*Task item*.
Output the run of lines that opens with the first line of the material below and closes with the line containing "Frosty the Snowman", both included, and drop the pictures.

*Data shown*.
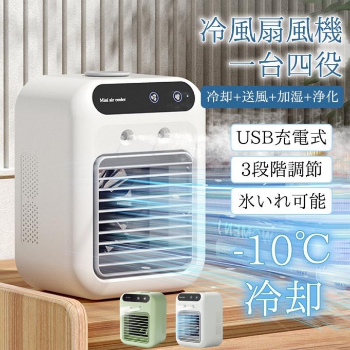 扇風機 冷風機 冷風扇 卓上冷風機 卓上クーラー USB給電式 加湿機能 小型 携帯冷風機 強風 コンパクト 省エネ 3段階調整 熱中症 暑さ対策
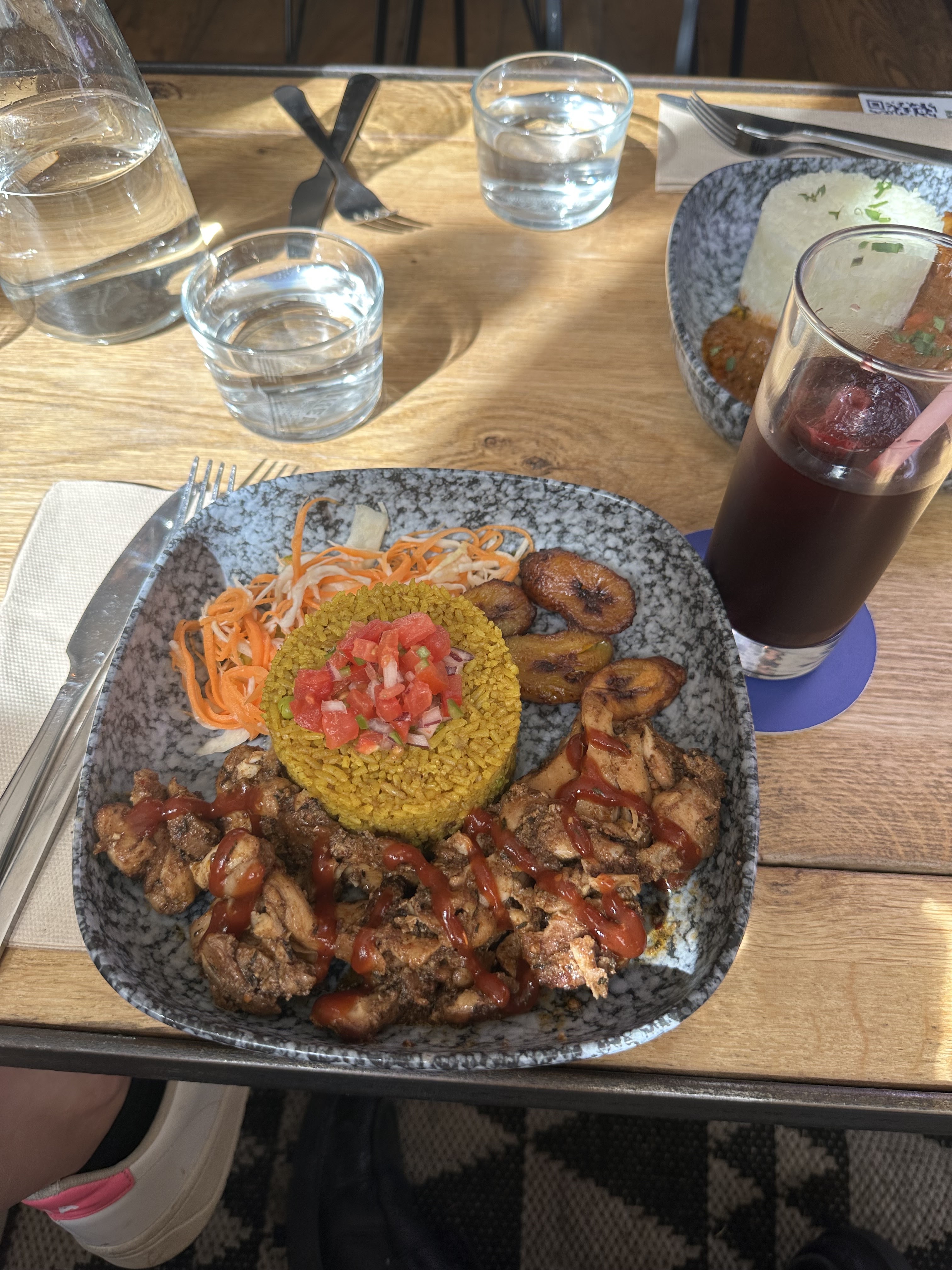 Petit restaurant avec des plats afro-inspirés dans le 18e. Le cadre est très moderne et le décor est vraiment bien pensé. Les serveurs ont été attentionnés toute la soirée donc c’était vraiment plaisant. Il faut absolument essayer le bissap!
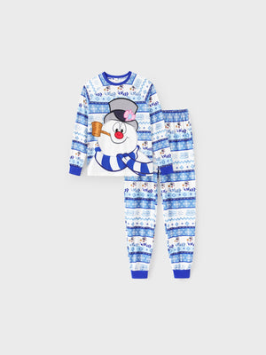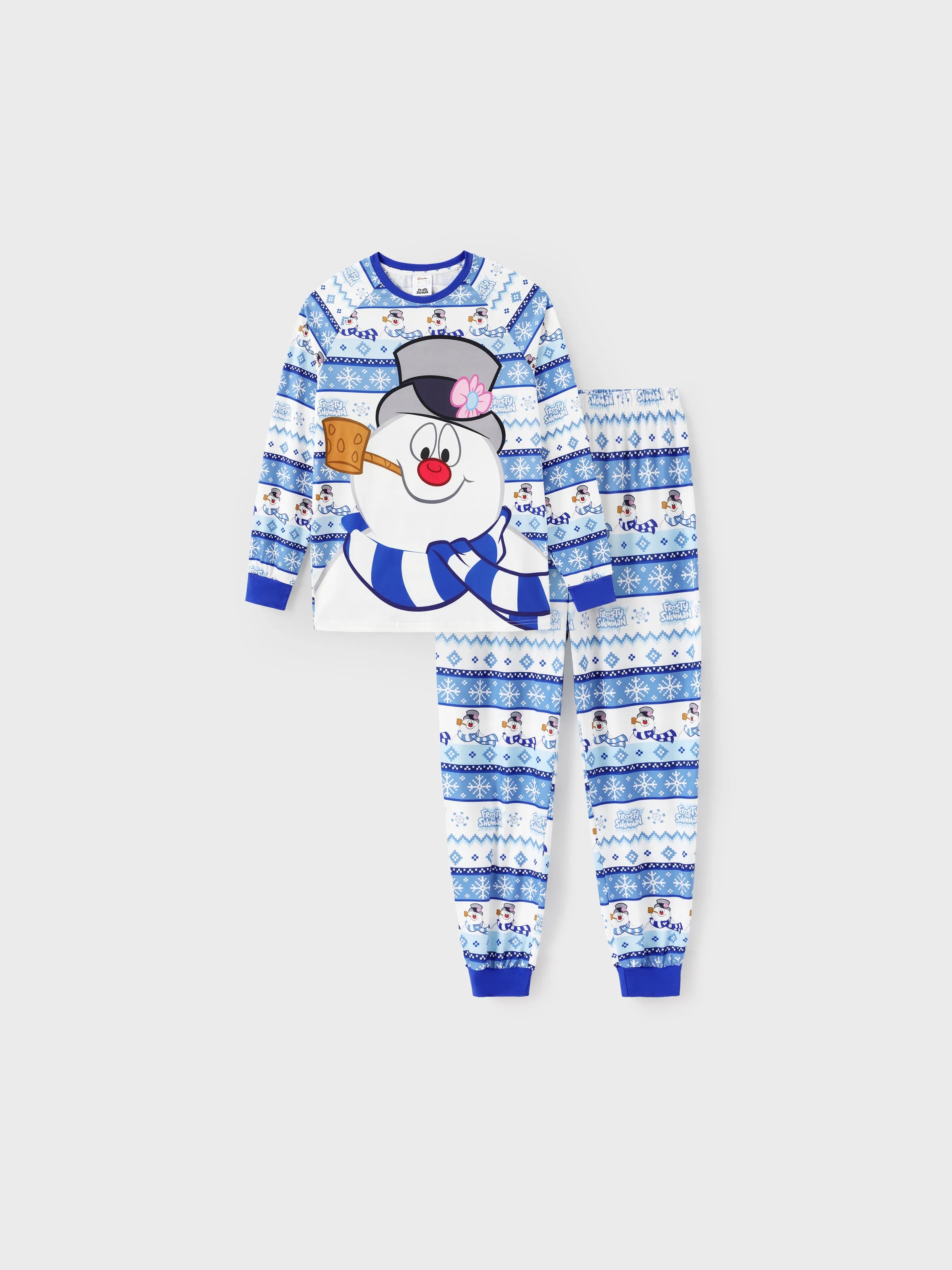 Frosty the Snowman Christmas Family Matching Pajamas Set with Christmas Socks Blue
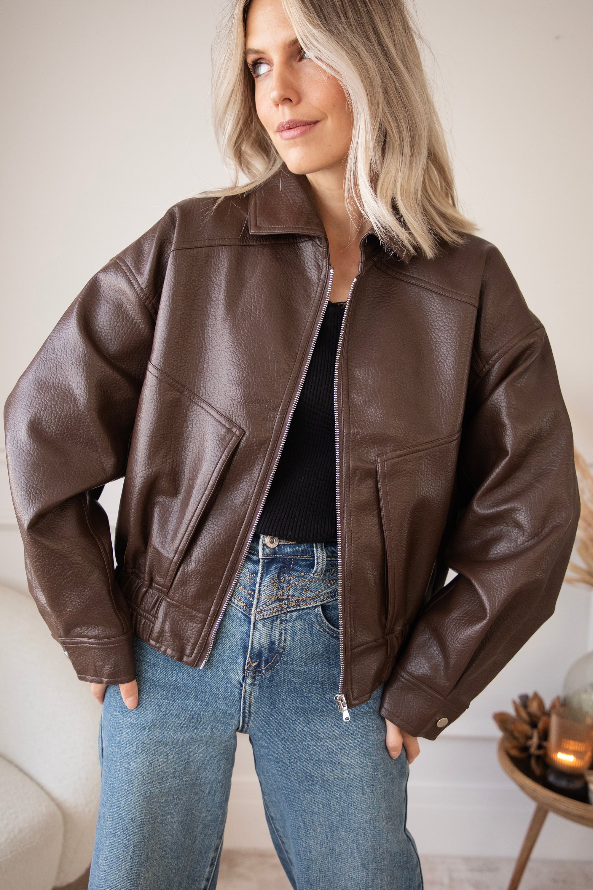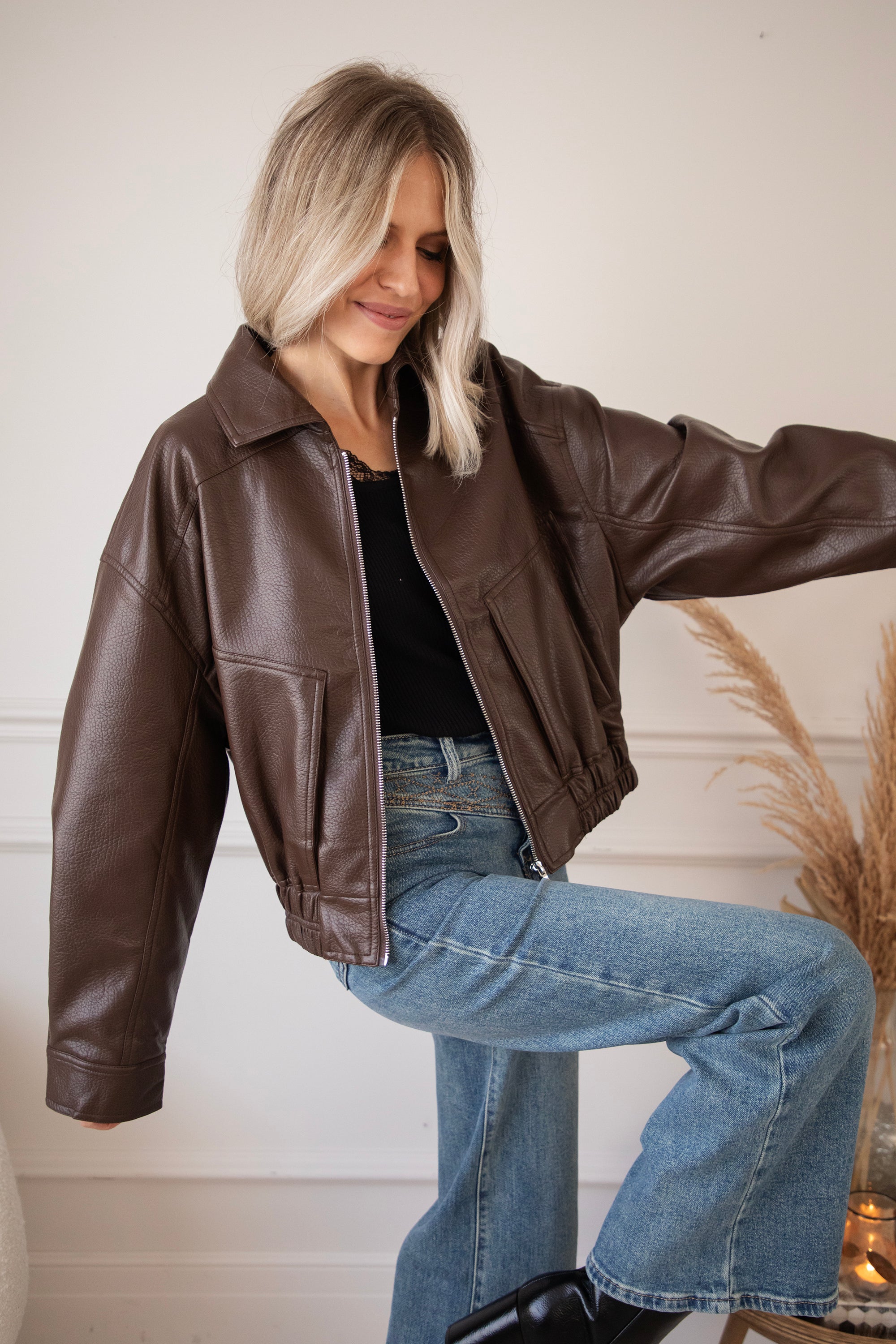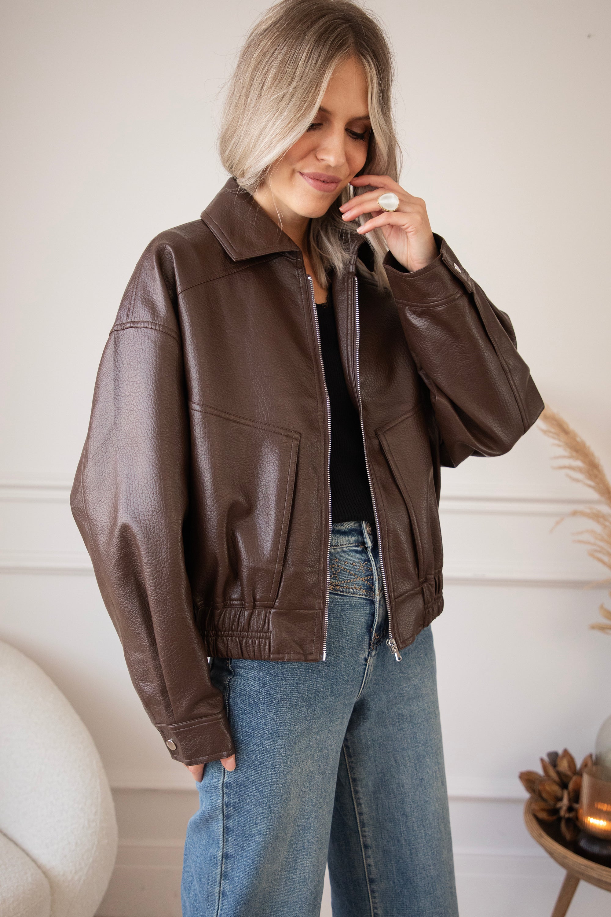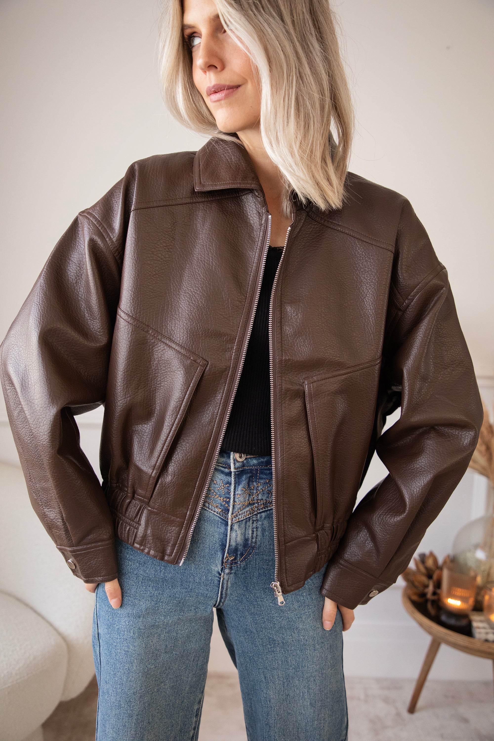 The most sought-after outerwear trend for fall/winter 2025? A faux leather or suede bomber jacket! Inspired by the 80s. Nice and oversized 😍 That's how we like it! I've picked out a few cute bomber jackets, including this cute black Blair one 🤎 A textured PU leather jacket with an elasticated hem and roomy side pockets 🎀
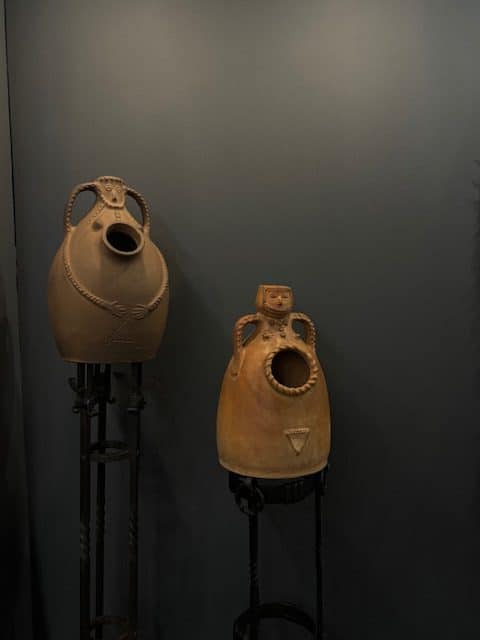 The second room showcases Armenian silver and metalwork. Metalwork has held a unique place in Armenian heritage and is used both as a decorative art and for the making of household items like cookware and vessels. Much of this room is taken up by an impressive collection of traditional jewelry, which would accompany the traditional costumes of the previous exhibit room. The jewelry is made in an intricate silver filigree style, adorned with gemstones and elaborately constructed. Many motifs are inspired by nature, with pieces often depicting floral and botanical designs as well as more geometrical and abstract constructions. These decorative techniques are also applied to objects like dagger sheathes, small boxes, and numerous household goods from goblets to trays to cookery. Part of the metalwork exhibit showcases the art of Vahan Hatsagortisian and Artzruni Berberyan, two 20th-century metal artists who were each inspired by their native Armenian folk traditions and who both played significant roles in preserving as well as reimagining Armenian metalwork.
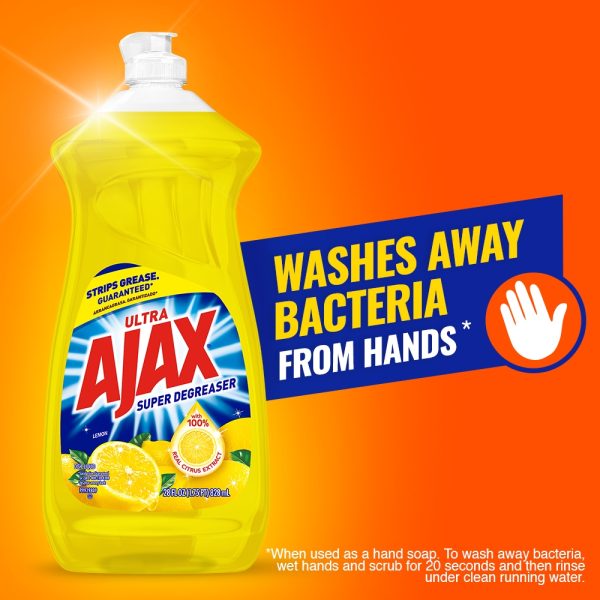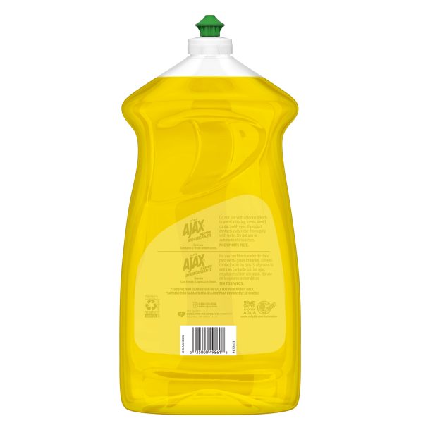 Delight in the fresh, clean aroma of AJAX’s Lemon while getting your dishes spotlessly clean. Dish soap, dish soap, dishwashing, hand dish soap, hand, moisturizing, non-drying, cuts through grease, greasy, great scent, best, grime, pots, pans, gentle, environmentally friendly, stubborn food, cleaning, scrub, safe, value, concentrated, detergent, gentleness, soapy, mild scent, oil, cutting grease, thick, stuck-on food, detergent. Made with strength and water, dissolves ingredients, ammonium lauryl sulfate removes dirt and oil, ammonium laureth sulfate or ammonium C12-15 alkyl sulfate removes dirt and oil, ammonium C12-15 pareth sulfate removes dirt and oil, sodium chloride controls thickness, lauramidopropylamine oxide removes dirt and oil, poloxamer 124 controls thickness, fragrance adds a fresh scent, pentrasodium pentetate maintains stability and performance, methylisothiazolinone maintains shelf life, benzisothiazolinone maintains shelf life, colorants adds color to the product. Washes Away Bacteria from, Hands. When used as a hand soap. Wash away dirt and bacteria for good hand hygiene. Healthcare agencies recommend wetting hands with clean water, lather, scrubbing for 20 seconds, and rinsing. America’s no:1 Value Dish Brand, based in part on data reported by Nielsen through the Nielsen Retail Measurement Service/Scan track for the Light Duty Liquid Dish Value category for the latest 52 weeks ending in 9/19/20 in the total U.S. market XAOC, according to the Nielsen standard product hierarchy.
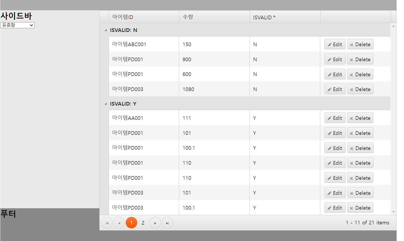 해당 설정이 끝나면 위 이미지처럼 ISVALID로 그룹화된 테이블을 확인할 수 있습니다.
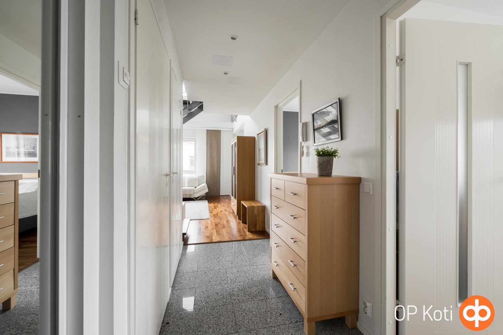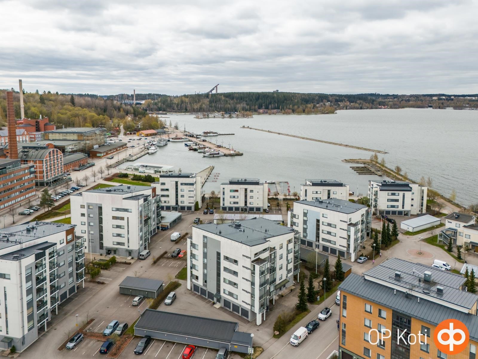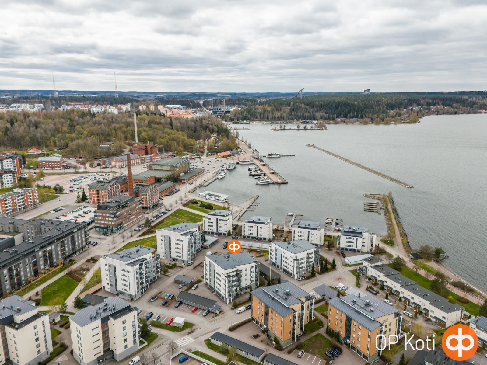 Asunnossa on kolme huonetta, keittiö, kylpyhuone/wc sekä vaikuttava parvi, jossa sijaitsee saunaosasto sekä tunnelmallinen oleskelutila, täydellinen paikka rentoutumiseen tai edustamiseen. Suuret ikkunat ja parvelta avautuvat näkymät Vesijärvelle tekevät tästä kodista erityisen.
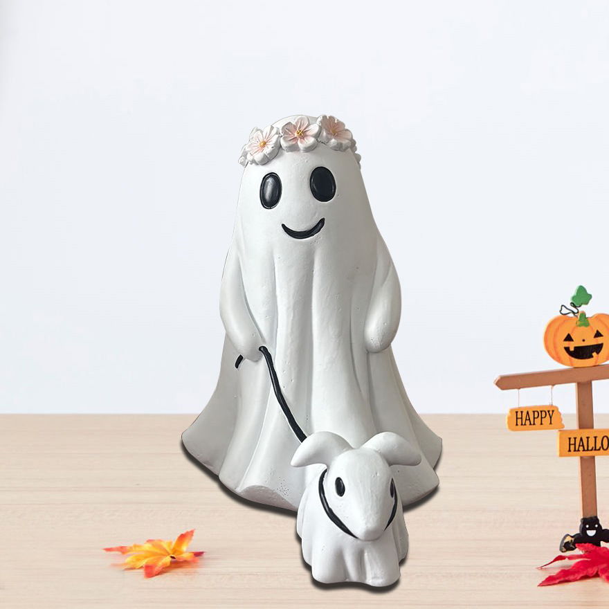 ハロウィン樹脂ゴースト犬の散歩の装飾品家の庭の装飾ゴーストホラー装飾ゴースト犬の装飾品

*Response*.
 扇風機 冷風機 冷風扇 卓上冷風機 卓上クーラー USB給電式 加湿機能 小型 携帯冷風機 強風 コンパクト 省エネ 3段階調整 熱中症 暑さ対策
 Petit restaurant avec des plats afro-inspirés dans le 18e. Le cadre est très moderne et le décor est vraiment bien pensé. Les serveurs ont été attentionnés toute la soirée donc c’était vraiment plaisant. Il faut absolument essayer le bissap!
 Frosty the Snowman Christmas Family Matching Pajamas Set with Christmas Socks Blue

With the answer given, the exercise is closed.